Oftentimes, lenders are ready to offer a loan workout option for borrowers in trouble. Depending on the situation you may have such options as refinancing, loan modification, forbearance, reinstatement and bankruptcy. Below, we’ll give you more details on each of these options. Hopefully, this will help you make a smart choice and select the best loan management option.

Refinancing. Is current rate too high for you? Obviously, you may find it hard to make your regular monthly payments because of this. In this case, you should definitely take advantage of such an option as refinancing. Refinancing is all about lowering your current rate. If you refinance your loan you’ll be able to reduce your rate significantly. As a result, your house will become more affordable.             

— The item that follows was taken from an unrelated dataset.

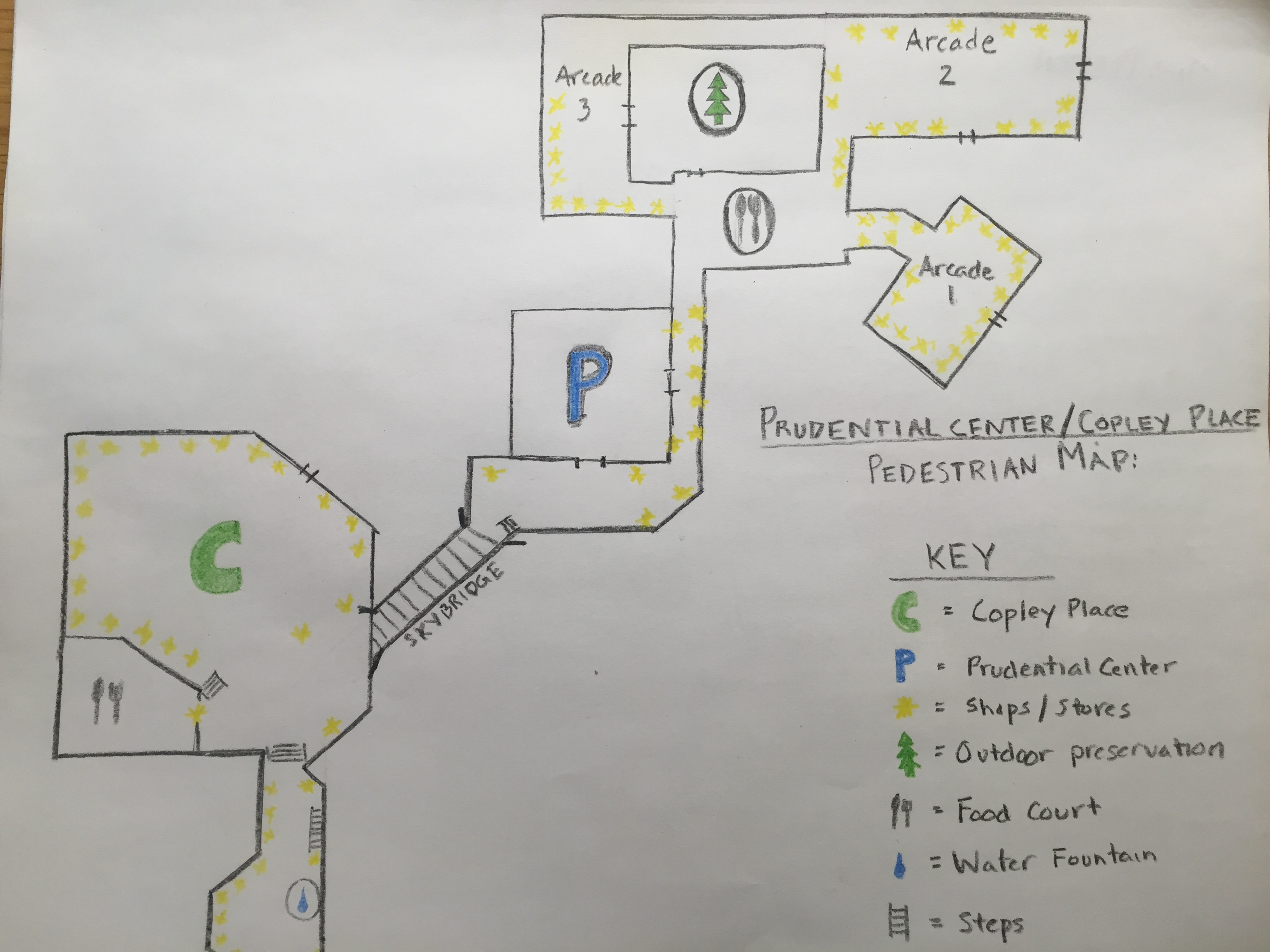 In contrast, the Prudential/Copley Place shops was very chaotic and confusing to get around. You constantly needed to view signs and maps in order to get where you were going. For this reason, I attempted to draw, to the best of my ability (and memory!), a general pedestrian map in order to help shoppers get around the shops. While it does not provide accurate details of each shop’s location, it provides a general sketch of the shops and the main areas that shoppers would most likely need to get to. In addition, it provides iconic parts of the shops, including the water fountain and the skybridge, to help shoppers maneuver the maze that is Copley Place.

Loan Modification. If your income has reduced and you need to lower your rate then it makes sense to consider such an option as loan modification. In fact, loan modification is about changing the terms of your mortgage contract. When a borrower chooses to take advantage of loan modification option then he/she will be able to lower the rate. In this case, the term of the loan is likely to extend. Plus, all missed payments are added to the loan balance. However, the most important thing is that you’ll be able to avoid foreclosure and its negative consequences.

Forbearance. Have you lost your current job? Or, maybe, you have unexpected expenses in your life? One way or another, forbearance is worth considering! Forbearance is an effective solution to temporarily financial difficulties. A borrower may ask a lender to suspend mortgage payments for a certain period of time. Some lenders agree to this. A borrower takes a pause and resolves his/her financial difficulties. After that, a borrower resumes his/her regular monthly payments and pay off the debt successfully.

Reinstatement. Reinstatement is another good option for borrowers who experience temporarily financial issues. If your lender agrees you’ll be able to take advantage of reinstatement option. In this case, a lender pays off the entire past-due amount. In addition, a borrower has to pay penalties as well as late fees.

Bankruptcy. If your lender can’t offer the appropriate option then you can consider personal bankruptcy. It’s worth noting that bankruptcy is the legal procedure that usually lasts a long time. Bankruptcy is not a very good option both for borrowers and lenders and it has a lot of drawbacks. Bankruptcy has a huge negative impact on borrower’s credit score. It may take you 10 years or even more time to improve your credit score after bankruptcy. It’s important for you to know that if you file for the bankruptcy you’ll find it hard to obtain a credit and purchase another home. It can be also difficult for borrowers who file for the bankruptcy to get insurance and sometimes even to get a job.                

Try to Sell Your House

Sell your house fast. If you can’t afford paying monthly mortgage payments anymore and a lender can’t offer you an appropriate option then you should definitely try to sell your house. If you sell your house quickly you’ll be able to get funds that you need to pay off your mortgage debt. It would be better for you to sell your house rather than let it go into foreclosure. However, you may find it hard to sell your house fast. If this is the case, you should try to sell your house to a real estate investor.

Sell a house to a real estate investor. You should know that selling a house to a real estate investor delivers a number of important advantages. First and foremost, real estate investors give borrowers in trouble a great opportunity to sell their house fast. Thus, borrowers will be able to get rid of debt and, most importantly, avoid foreclosure. It’s also important to know that real estate investment is highly competitive business sector. That means that a lot of real estate investors operate in every area. It’s worth noting that real estate investors usually act fast and effectively. So, if you contact real estate investors you’ll be able to get a lot of cash offers within a short period of time. Most investors provide their clients with cash offers within 24 – 72 hours. Finally, you’ll be able to choose the best cash offer and sell your house successfully.